- Task item
The lines from the top of the material through the line with "Extra skeletons mean" are to be set down exactly. Leave the pictures out.

- Data block
....

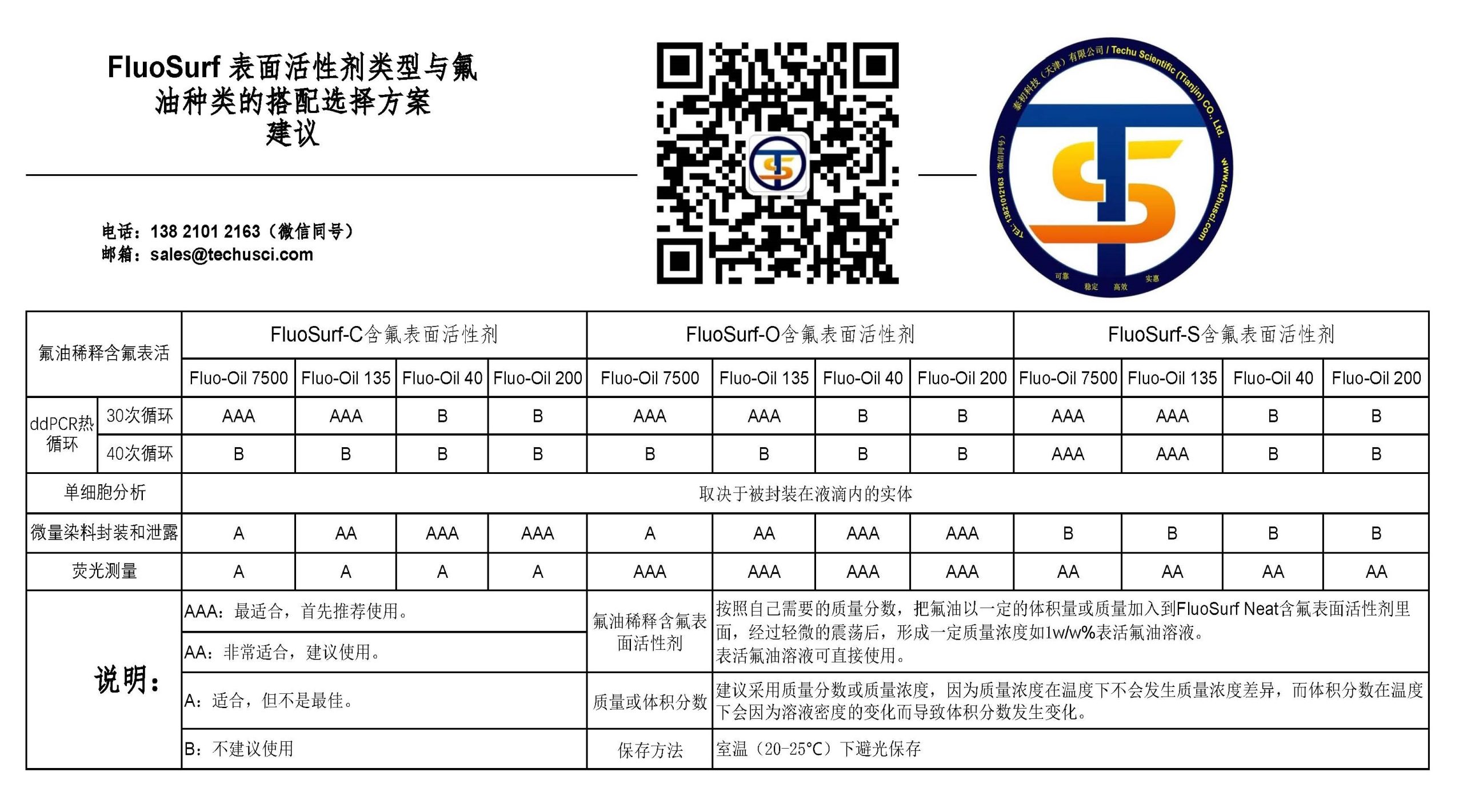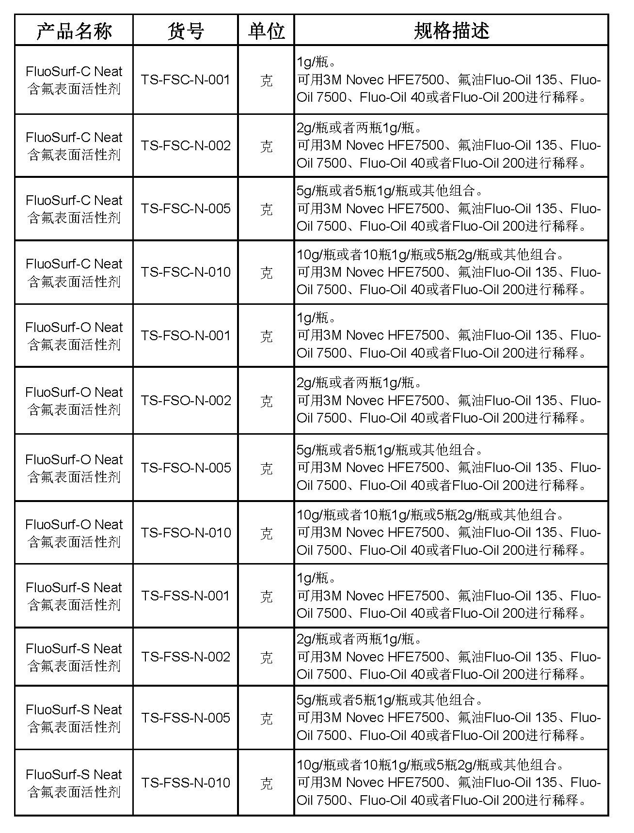 ● FluoSurf-C Neat:适用于基于液滴微球的各类实验如ddPCR、单细胞分析、单细胞分选/picoinjection、细胞液滴测序、蛋白酶定向演化、油包水类液滴微球、GUV巨型囊泡等。
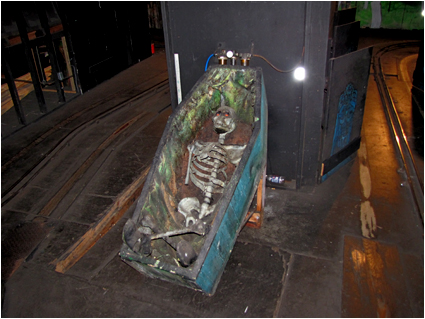 Extra skeletons mean extra drunks! In the spirit of Bill Tracy, and keeping the attraction true to its seaside home, a drunken skeleton is now visible at the end of the ride on the left right before you exit. Poor fella had a bit too much whiskey for his own good! Argh!
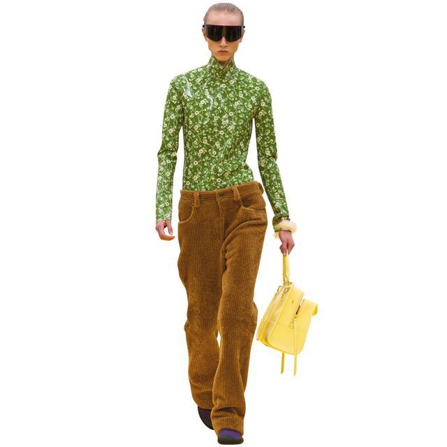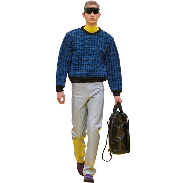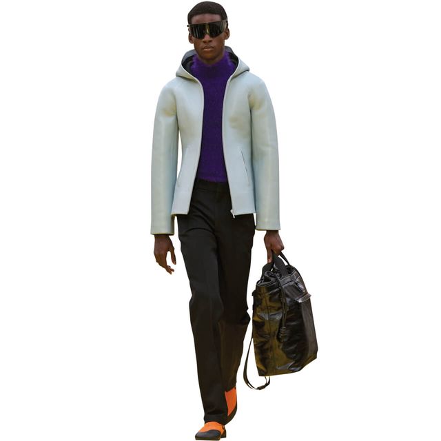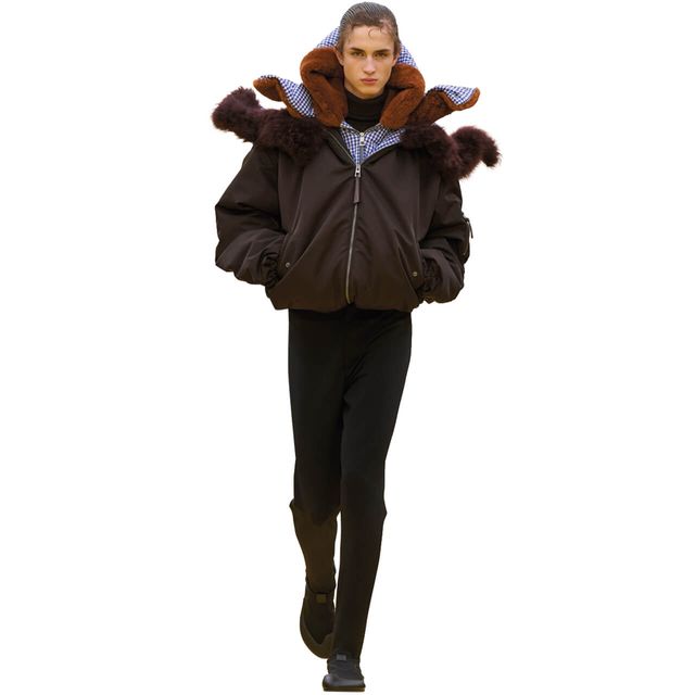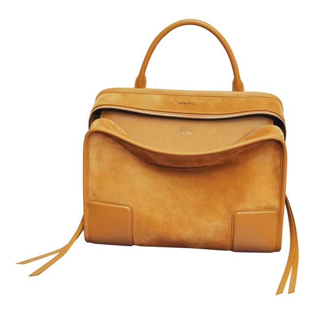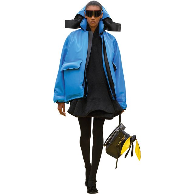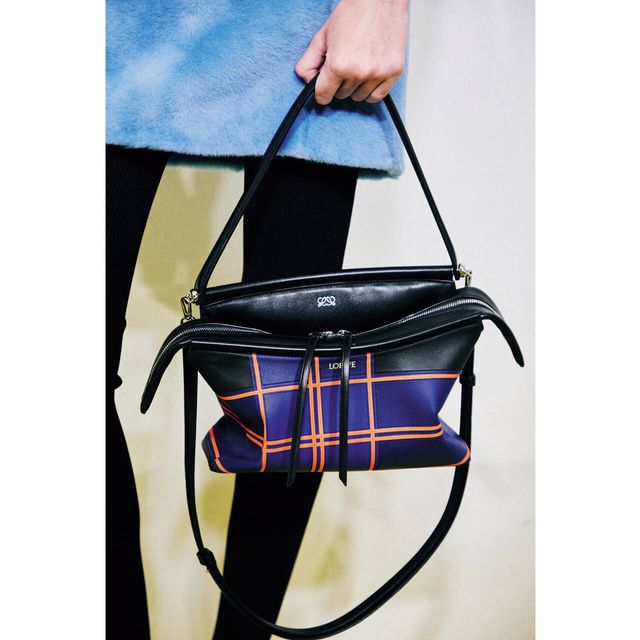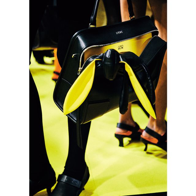 소재 실험 또한 두드러졌다. 레이저 커팅과 본딩 공정을 통해 제작한 파카와 스카프는 공기층을 품은 볼륨감을 형성했고, 래커 처리한 가죽으로 만든 루프 코트와 초극세 가죽 원사로 편직한 니트웨어는 하우스 특유의 공예적 접근을 보여줬다. 시어링과 코듀로이 소재에는 그러데이션 트리밍을 적용해 예상치 못한 텍스처의 변화를 더했다. 코시마 폰 보닌의 작업은 컬렉션 곳곳에 흥미로운 흔적을 남겼다. 그녀가 그린 플로럴과 깅엄 패턴은 룩의 안감과 라텍스 표면에 등장했고, 개와 갑각류 형태의 조각 동물은 미니백과 참 장식으로 재해석되었다. 이러한 디테일은 레디투웨어와 액세서리를 자연스럽게 오가며 컬렉션의 완성도를 높였다. 올해 창립 180주년을 맞아 아마조나 180 백도 함께 선보였다. 개와 게 모양 참 장식을 더한 백은 더플백 형태로도 확장되었다. 또 다른 하우스 아이콘인 플라멩코 클러치백은 블루와 화이트 모자이크에서 영감받은 인타르시아 가죽 마케트리 기법으로 재해석되었고, 새롭게 공개된 위스커 백은 구조적 상단과 유연하게 흐르는 보디라인이 대비를 이루며 우아한 실루엣을 드러냈다. 유머와 위트, 그리고 공예에 대한 집요한 탐구 과정 자체가 하나의 창의적 놀이처럼 펼쳐진 실험적 시도와 흥미로운 내러티브, 위시 리스트를 업데이트하게 만드는 아이템까지 갖춘 크리에이티브 듀오의 성공적 행보. 로에베의 다음 챕터를 기대하게 만드는 유쾌한 시간이었다.

....

- Solution
 ● FluoSurf-C Neat:适用于基于液滴微球的各类实验如ddPCR、单细胞分析、单细胞分选/picoinjection、细胞液滴测序、蛋白酶定向演化、油包水类液滴微球、GUV巨型囊泡等。
 Extra skeletons mean extra drunks! In the spirit of Bill Tracy, and keeping the attraction true to its seaside home, a drunken skeleton is now visible at the end of the ride on the left right before you exit. Poor fella had a bit too much whiskey for his own good! Argh!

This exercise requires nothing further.